I passed her opera glasses back to her.
The curtain rose. Guards sat outside a palace at night, anxious to help their Count di Luna catch the trovatore who had been coming regularly to serenade the Duchess Leonora at night. The Count loved her jealously and, having failed to court her successfully, was anxious to end this interference. The guard captain sang to the guards of the Count’s tragic history to keep them awake—how as a child, the Count’s younger brother fell ill, and the Count’s father blamed a Gypsy and burned her at the stake. After the fire, a child’s bones were found among the Gypsy’s ashes and the brother was missing. It was said the Gypsy’s daughter had kidnapped the sick boy and left him to burn with her mother in revenge. Only the Count’s father was sure his youngest boy was still alive somewhere and charged the Count with finding his younger brother.
But for now, the Count was in love, and his guards were ready to help him.
The curtain closed and reopened to applause. A beautiful young woman in a veil stood in a garden at night, another woman approaching her through the dark, calling for her. When the woman in the veil turned to face us, the applause deepened. Adelina Patti was tonight’s Leonora, the best possible surprise. I had not seen her since she had changed my life with her Lucia. My fears left me; surely this would be the best night of my life.

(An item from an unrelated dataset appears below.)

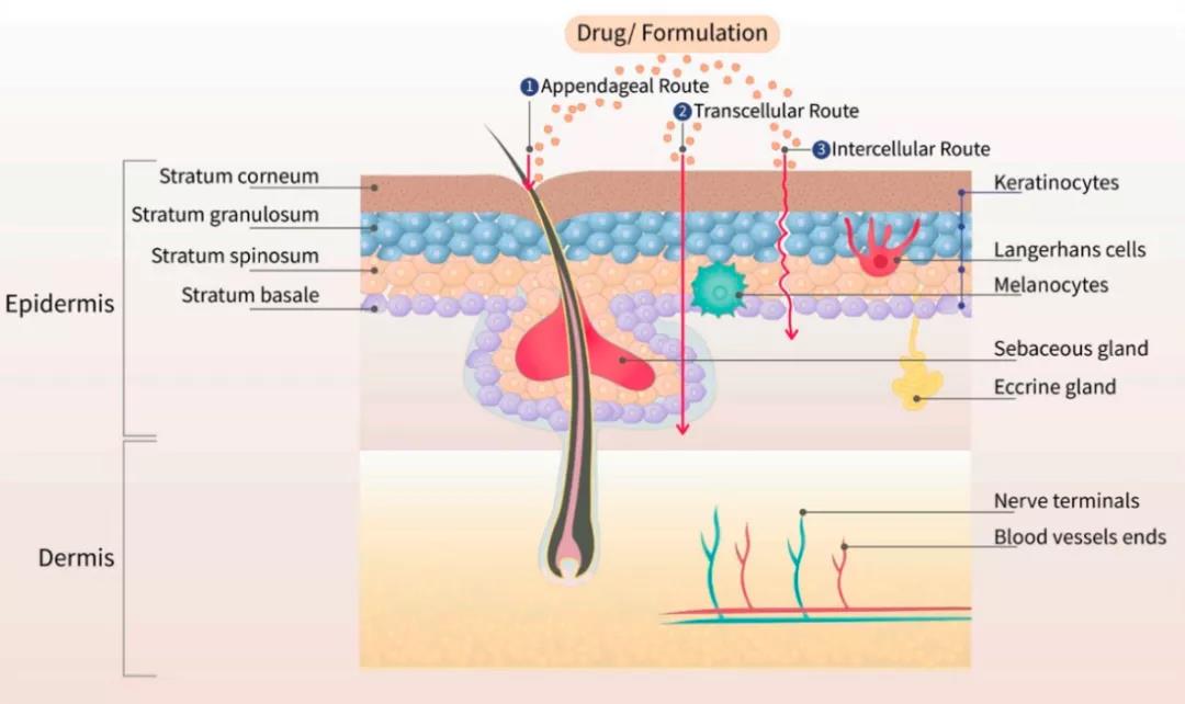 Figure1. 皮膚構造組成與透皮制劑的釋藥路徑

She began Leonora’s first aria, of a mysterious knight in black armor she’d crowned the victor at a tournament, and described how she fell in love with him then. War had begun shortly thereafter, separating them, and she’d sustained herself on her memories of that day until one night here in the garden she was surprised to hear the song of a troubadour, her name on his lips. When she came to the garden, she saw it was him, the love she’d feared lost.

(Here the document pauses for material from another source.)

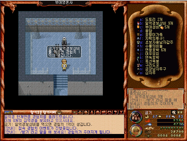 그리고 아이템창에 제가 가리키고 있는 일억경보상비란 무엇이냐!!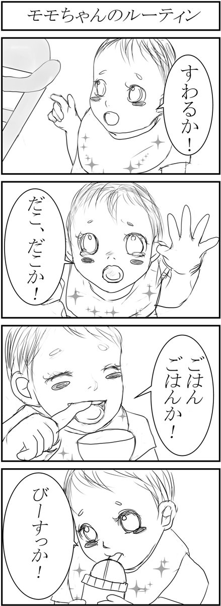 ちょうど昨年の今頃の娘。1歳4ヶ月頃。このころから既にクセがスゴいな。して欲しいものを〇〇か!という語尾でお願いしてくる娘です。ameblo.jp/breezy-dawn/en… #イラスト #4コマ漫画

The night I’d heard her sing as Lucia was nothing compared to this—on that night I had only remembered the music, which moved me. This, however, was my first experience of the ridiculous and beloved thief that is opera—the singer who sneaks into the palace of your heart and somehow enters the stage singing aloud the secret hope or love or grief you hoped would always stay secret, disguised as melodrama; and you are so happy you have lived to see it done. The singer singing to you with the full force of what you feel is transfigured and this transfigures you; you feel as if it were you there in the opera, the opera your story, the story of your life. And so I stared in amazement from the box as Patti sang what was in my heart, what I hoped was my secret future; and in her slow, soaring, searching aria full of surpassing sweetness I found my first real consolation since leaving Compiègne. By the time she began her defiant cabaletta—My fate will not be complete if he is not by my side! If I do not live for him, for him I will die—her final note sustained like a sword held to the sky, the crowd rose to its feet cheering, the flowers raining down on the stage, and I, I caught myself. I had already stood, clutching the edge of the box.

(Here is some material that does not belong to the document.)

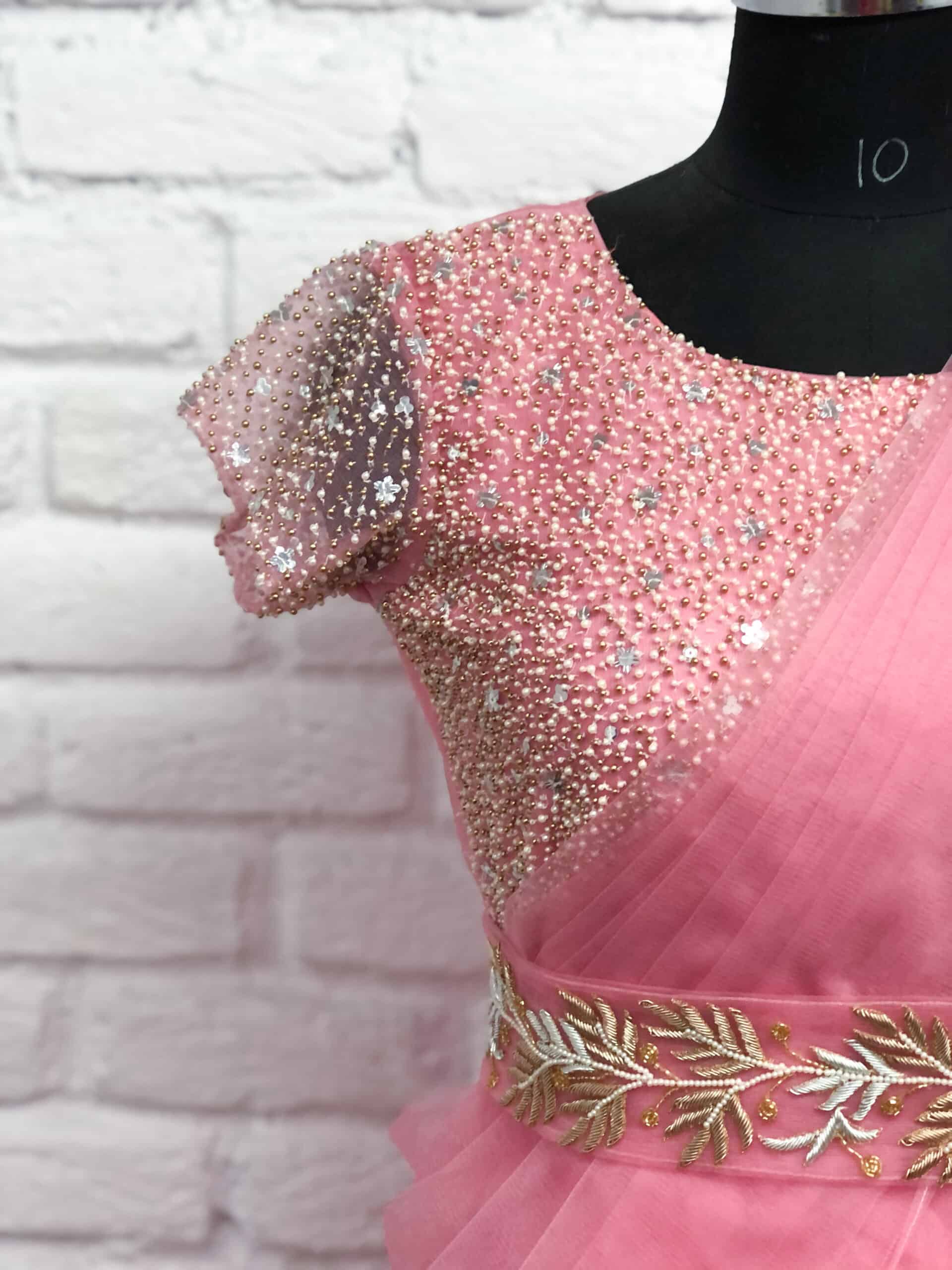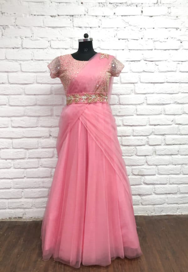 A pink gown with a pearl and bead-embellished bodice is sure to be a showstopper. The intricate detailing on the bodice would add a touch of elegance and sophistication. Pairing it with a draped dupatta will give the ensemble a graceful flow and an ethereal quality.

The Count appeared alone then, singing stolidly of his hopes for his love for Leonora. Also of his jealousy. And so I sat.
I knew then I would sing Leonora if I could. I wanted nothing more. I was her, and she was me.
This was, of course, what the tenor had hoped for, what he’d never been able to arrange for me or describe. The roles he had tried to tempt me with were like little crumbs he had laid out for me compared to this. He knew this was the quickening; he knew what I would know after this night: that it is impossible to sing opera if the singer has never felt this.
The song for the entrance of the trovatore, Manrico, began next. It is one of the most beautiful, I think, of the songs there are for men. He is announced first by a harp, which is his lute, heard in the distance as he approaches through the forest at night, intent on Leonora, who listens for him from her window as Count di Luna, on hearing him, hides in the dark garden.
Alone on this earth,
at war with his fate,
one hope in his heart,
of a heart for the troubadour!
If he possesses that heart,
beautiful in its pure faith.
He is greater than any king . . .
The troubadour king!
Leonora rushes to the garden and embraces the Count, not the trovatore, mistaking the one voice for the other, the one man for the other, upsetting both. I knew the story well enough from the tenor; this is a clue that the trovatore is the Count’s long-lost brother, his hated rival for Leonora’s affections, unknown to him. But I knew, even if the tenor had a brother who sang, his voice would not sound like the tenor’s; there could be no mistake.
The tenor was not in the audience because he was on the stage.